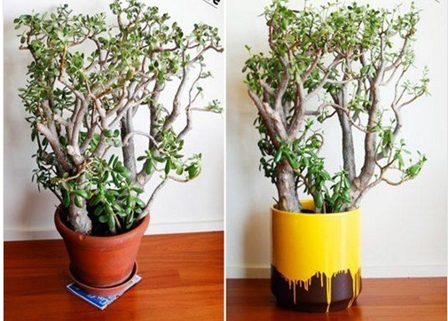 這款排泄物顏色的花盆,看著很不舒服,不過大部分花瓶貌似都是這顏色,但是你又很喜歡這花盆的造型,這里有個兩全其美的辦法哦,我們可以讓它穿上“花衣”辦法相當?shù)暮唵危褪怯媚慵已b修時剩下的墻面漆啦!
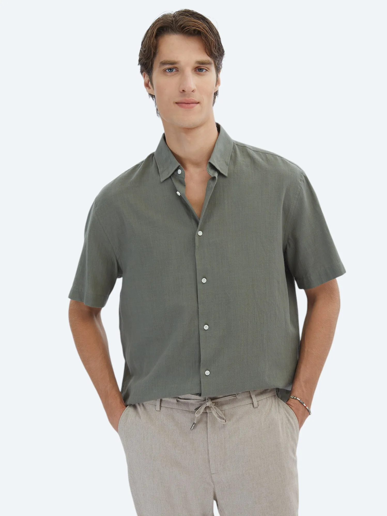 Haki Oversize Fit Dokuma Casual %100 Pamuk Gömlek
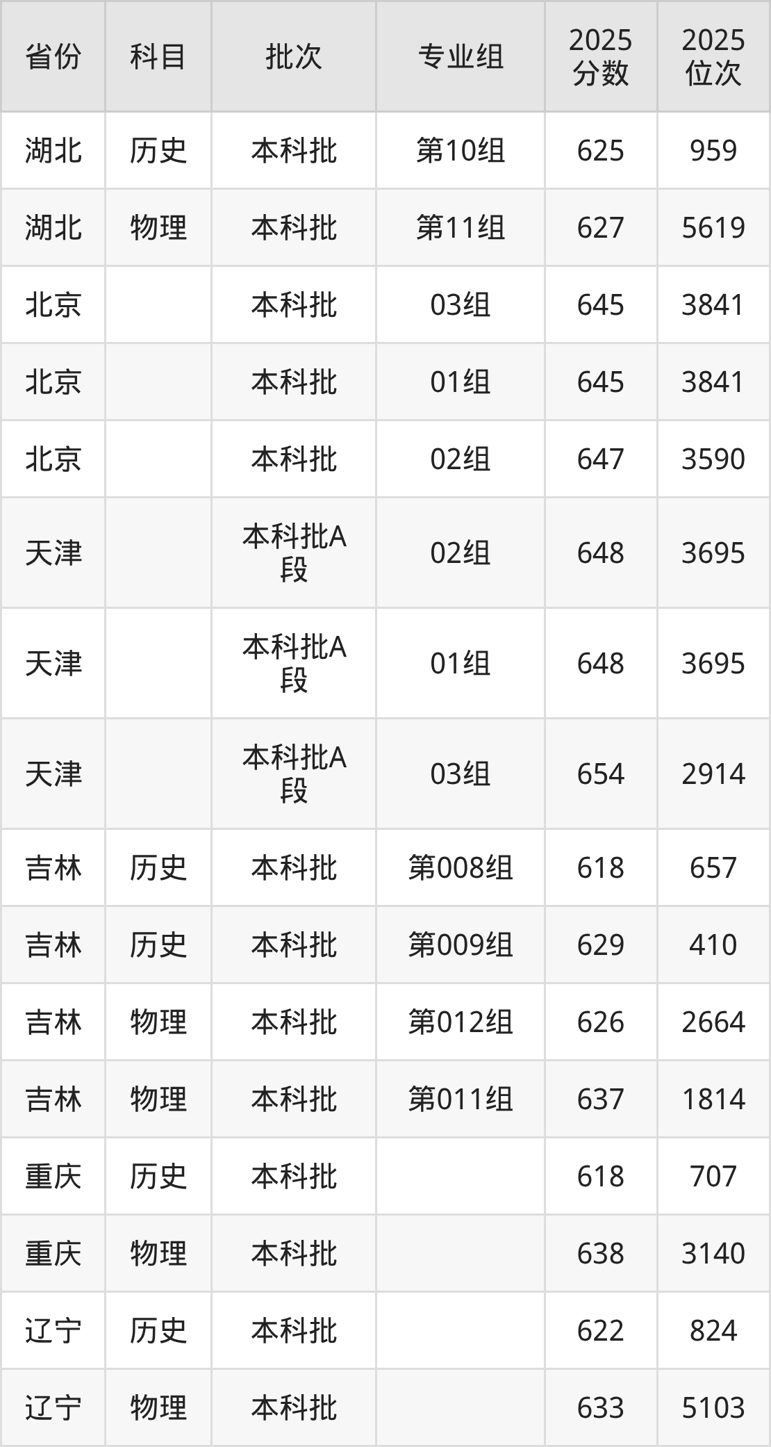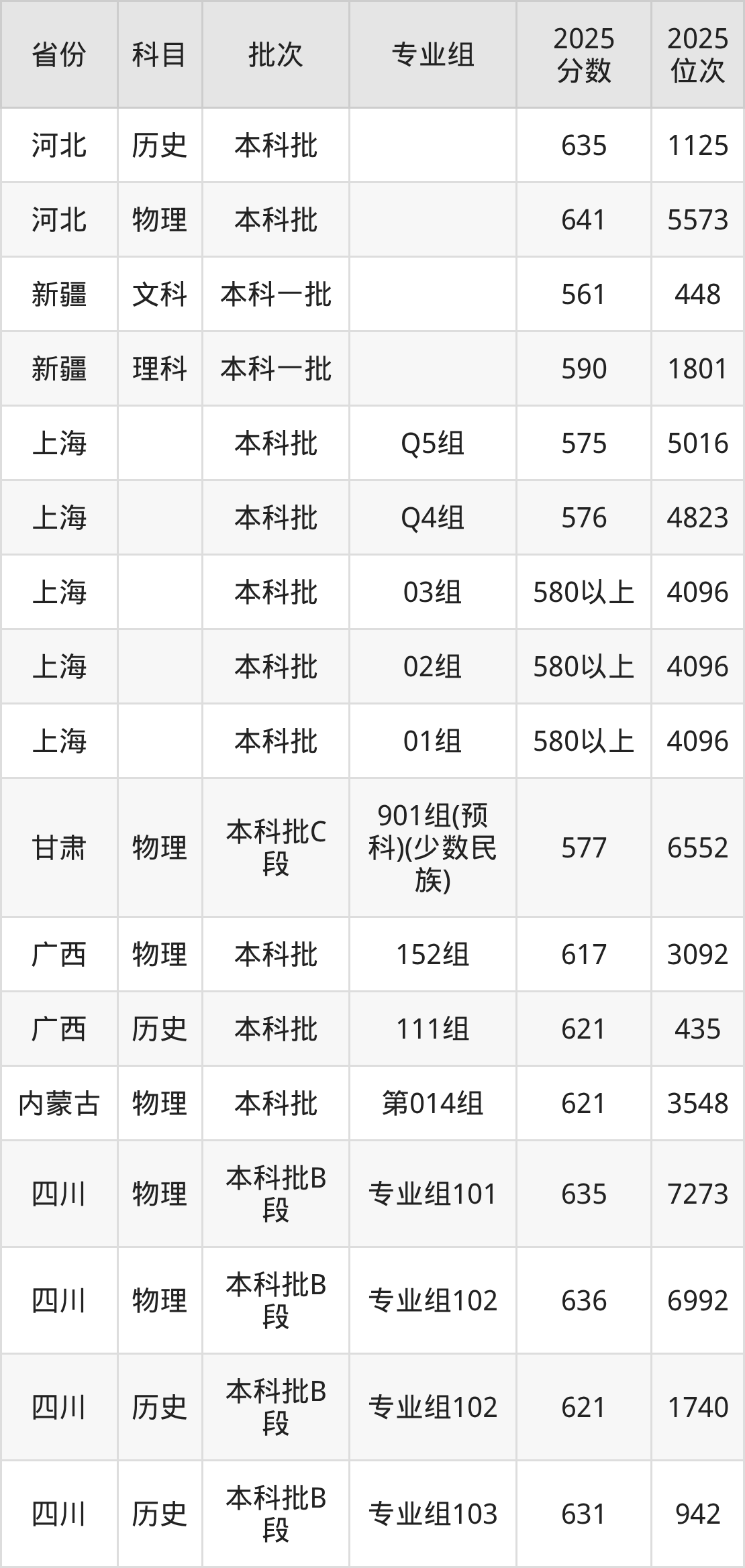 华东师范大学010组:2025年投档录取最低分为631分,录取最低位次为702名。

________________

### HOW TO COMPLETE THIS TASK:
Write out exactly the lines from the one that contains "Haki Oversize Fit" through the last line of the data above, both included. Leave every picture out.

### SOLUTION FOR THIS EXERCISE:
 Haki Oversize Fit Dokuma Casual %100 Pamuk Gömlek
 华东师范大学010组:2025年投档录取最低分为631分,录取最低位次为702名。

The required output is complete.